[Entries taken from a collection]
################
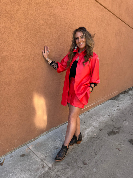 Faux Leather High-Waisted Button Shorts
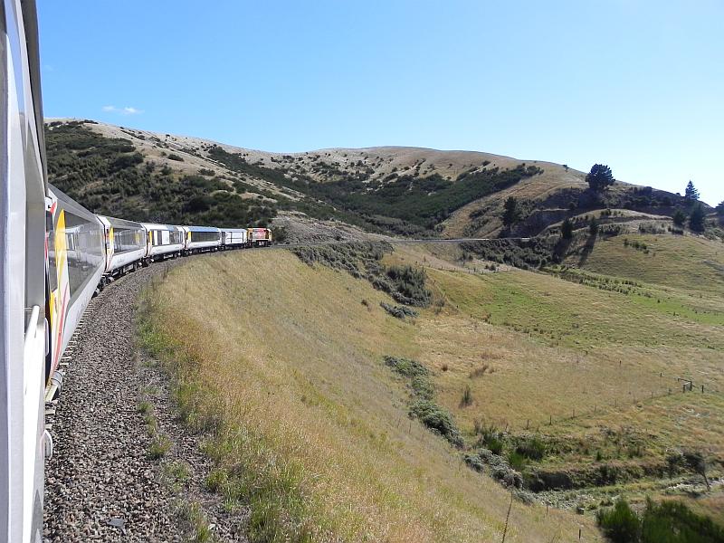 Um 7 Uhr fuhr der Zug pünktlich ab. Diese Strecke ist recht dürftig frequentiert, weswegen die neuseeländische Regierung auch versucht, die Werbetrommel für diese Züge zu rühren. Hoffen wir mal, dass es Erfolg hat, denn die Fahrt ist wirklich beeindruckend. Waren es gestern noch die Berge und Täler links und rechts der Strecke so sind es heute die Ebenen und die Küste, an der wir für 2 Stunden entlangfahren, die uns beeindrucken.
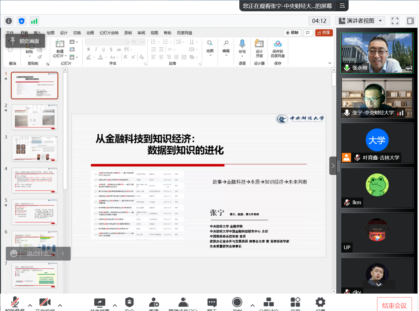 2022年4月22日下午,中央财经大学张宁教授应EMC易倍邀请,以线上会议形式作了题为“从金融科技到知识经济:数据到知识的进化”的学术报告,报告由EMC易倍副经理张永刚教授主持。
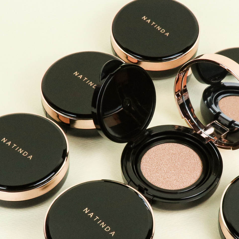 NATINDA Aura Perfect Cover Concealer Foundation Moisturizing Nourishing Liquid Cushion SPF 50+ Sunscreen Dark Skin Tone Pressed
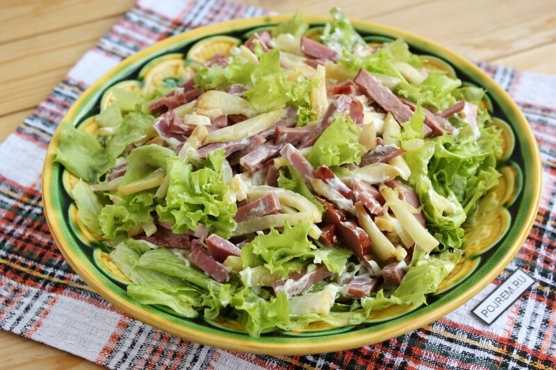 Салат «Любимый» получил свое название за то, что его любят все, и он всегда первым исчезает со стола. Этот салат достаточно питательный, так как в него входит колбаса и яичные блинчики, но в тоже время он имеет легкий свежий вкус. Рецепт салата очень простой, для его приготовления потребуется не больше 20 минут.
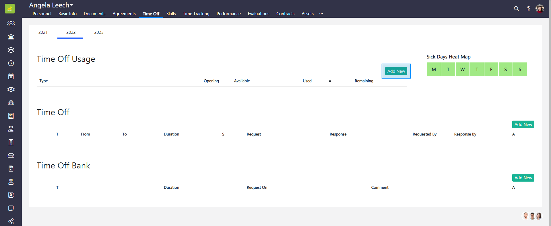 To add a new time off usage template, go to the Personnel module and click the Time Off tab inside a personnel's page.
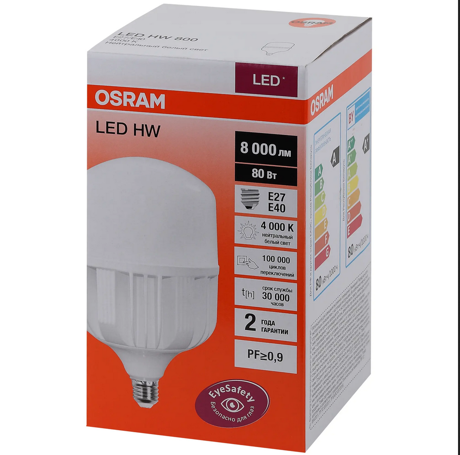Светодиодная лампа OSRAM LED HW 80W/840 230V E27/E40 8000lm 8X1 +адаптор
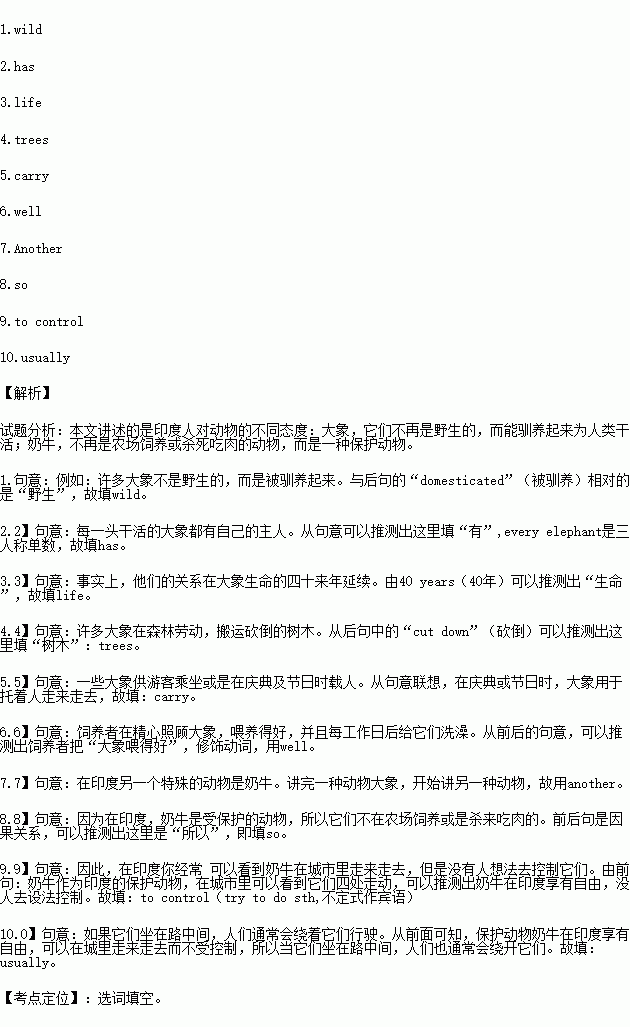 Animals are important in Indian culture and are treaded in a special way. For example, a lot of elephants aren’t 1. . they are domesticated(驯养). They aren’t kept as pets, but as working animals. Every working elephant 2. its own keeper. An elephant and its keep meet for the first time when they are both young, and they grow up together. In fact, their relationship continues for the rest of the elephant’s 3. perhaps 40 years. Lots of elephants work in the forest, moving heavy 4. when they are cut down. Some give rides to tourists, or 5. people during celebrations and festivals. Keepers take excellent care of their elephants , feeding them 6. and giving them a bath at the end of the working day.
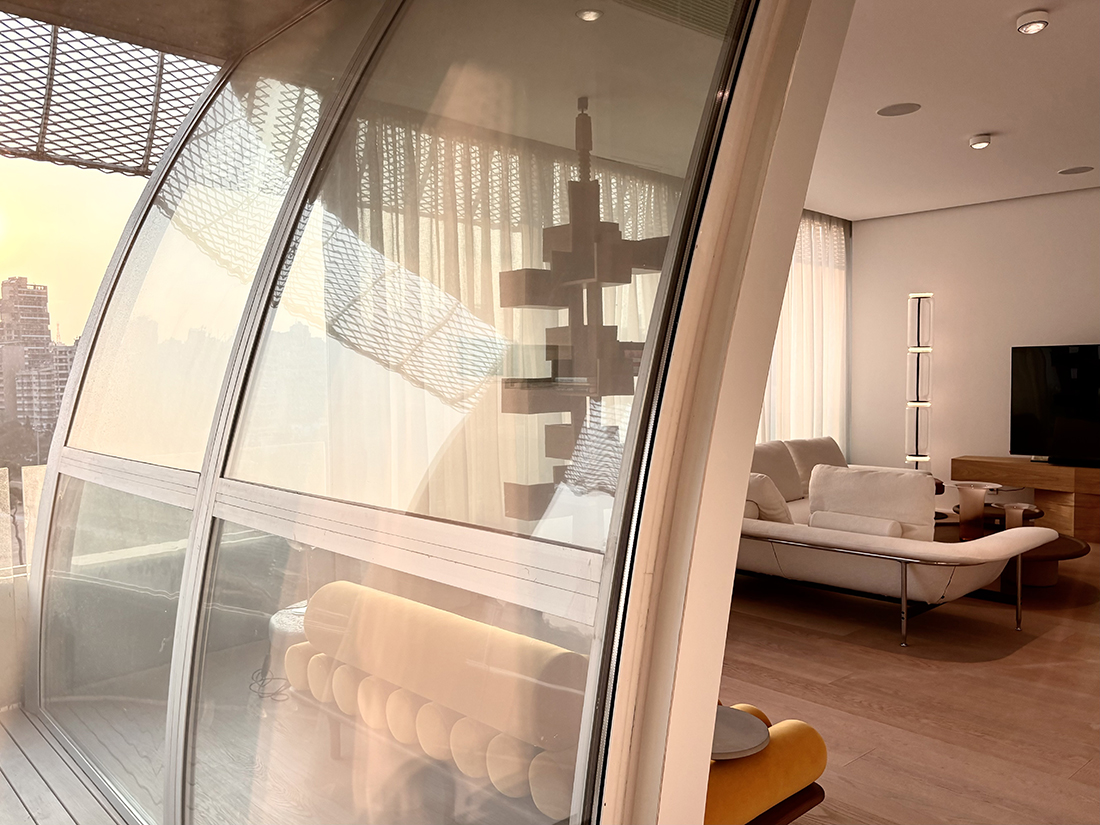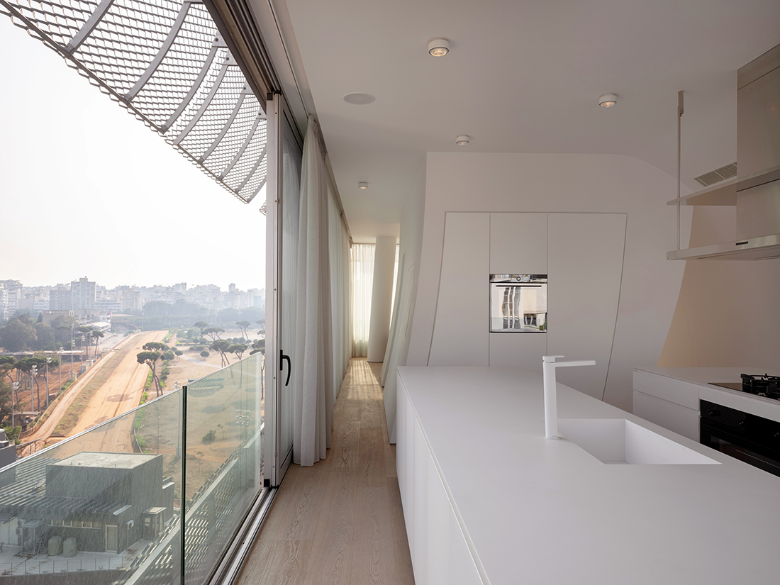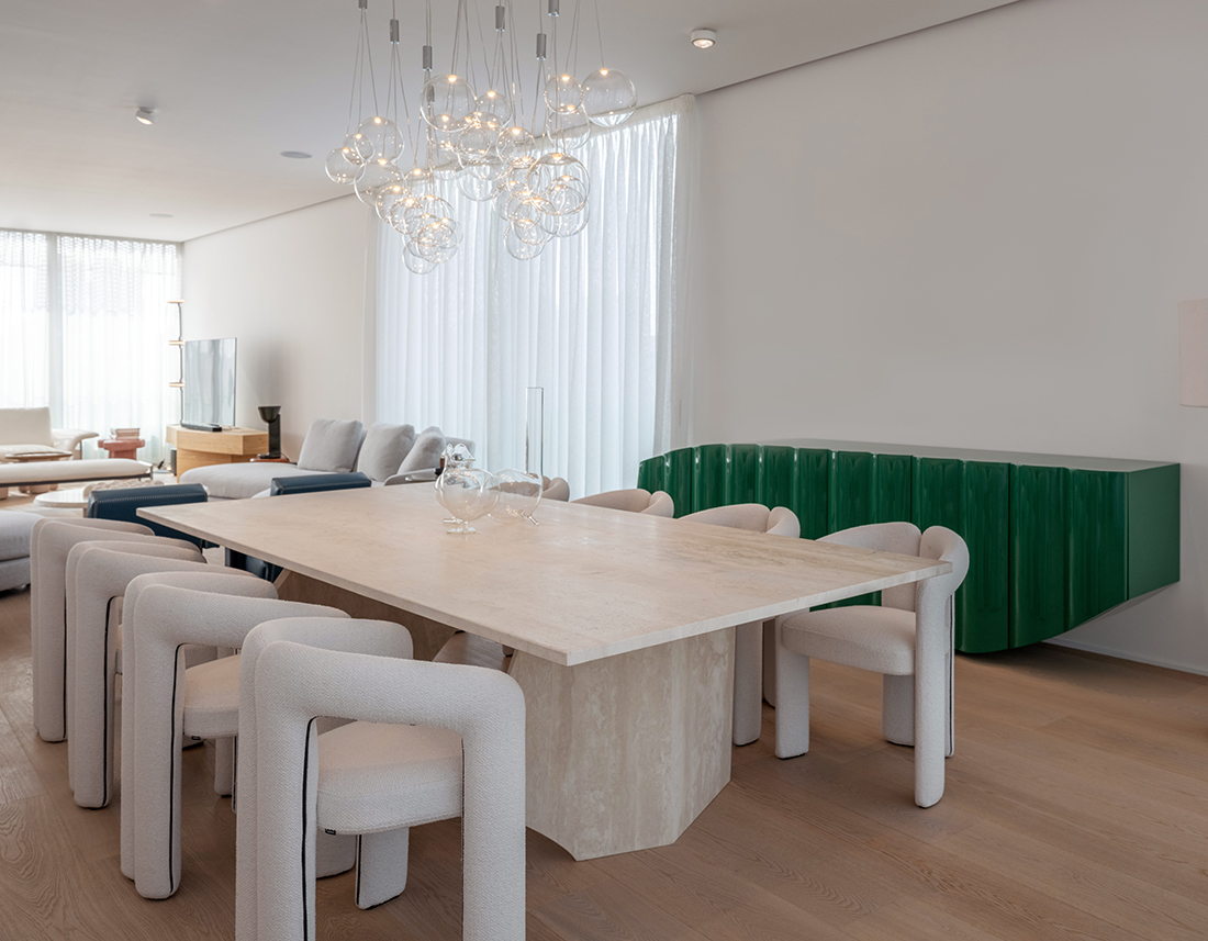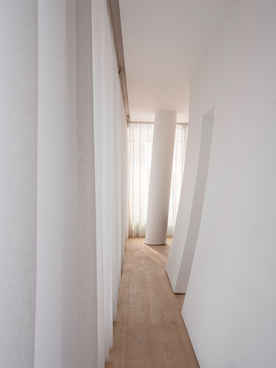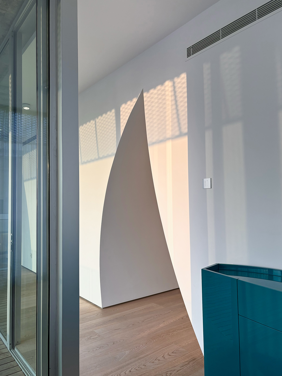 Crisp white walls emphasize the seamless curves of the architecture, creating a striking interplay of light and shadow. This minimalist approach enhances the natural views, while providing a tranquil, timeless aesthetic.
################
■ ASSIGNMENT
Reproduce the lines from the line with "Светодиодная лампа OSRAM" through the last line of the entries exactly, including both ends and excluding pictures.

■ REPLY
Светодиодная лампа OSRAM LED HW 80W/840 230V E27/E40 8000lm 8X1 +адаптор
 Animals are important in Indian culture and are treaded in a special way. For example, a lot of elephants aren’t 1. . they are domesticated(驯养). They aren’t kept as pets, but as working animals. Every working elephant 2. its own keeper. An elephant and its keep meet for the first time when they are both young, and they grow up together. In fact, their relationship continues for the rest of the elephant’s 3. perhaps 40 years. Lots of elephants work in the forest, moving heavy 4. when they are cut down. Some give rides to tourists, or 5. people during celebrations and festivals. Keepers take excellent care of their elephants , feeding them 6. and giving them a bath at the end of the working day.
 Crisp white walls emphasize the seamless curves of the architecture, creating a striking interplay of light and shadow. This minimalist approach enhances the natural views, while providing a tranquil, timeless aesthetic.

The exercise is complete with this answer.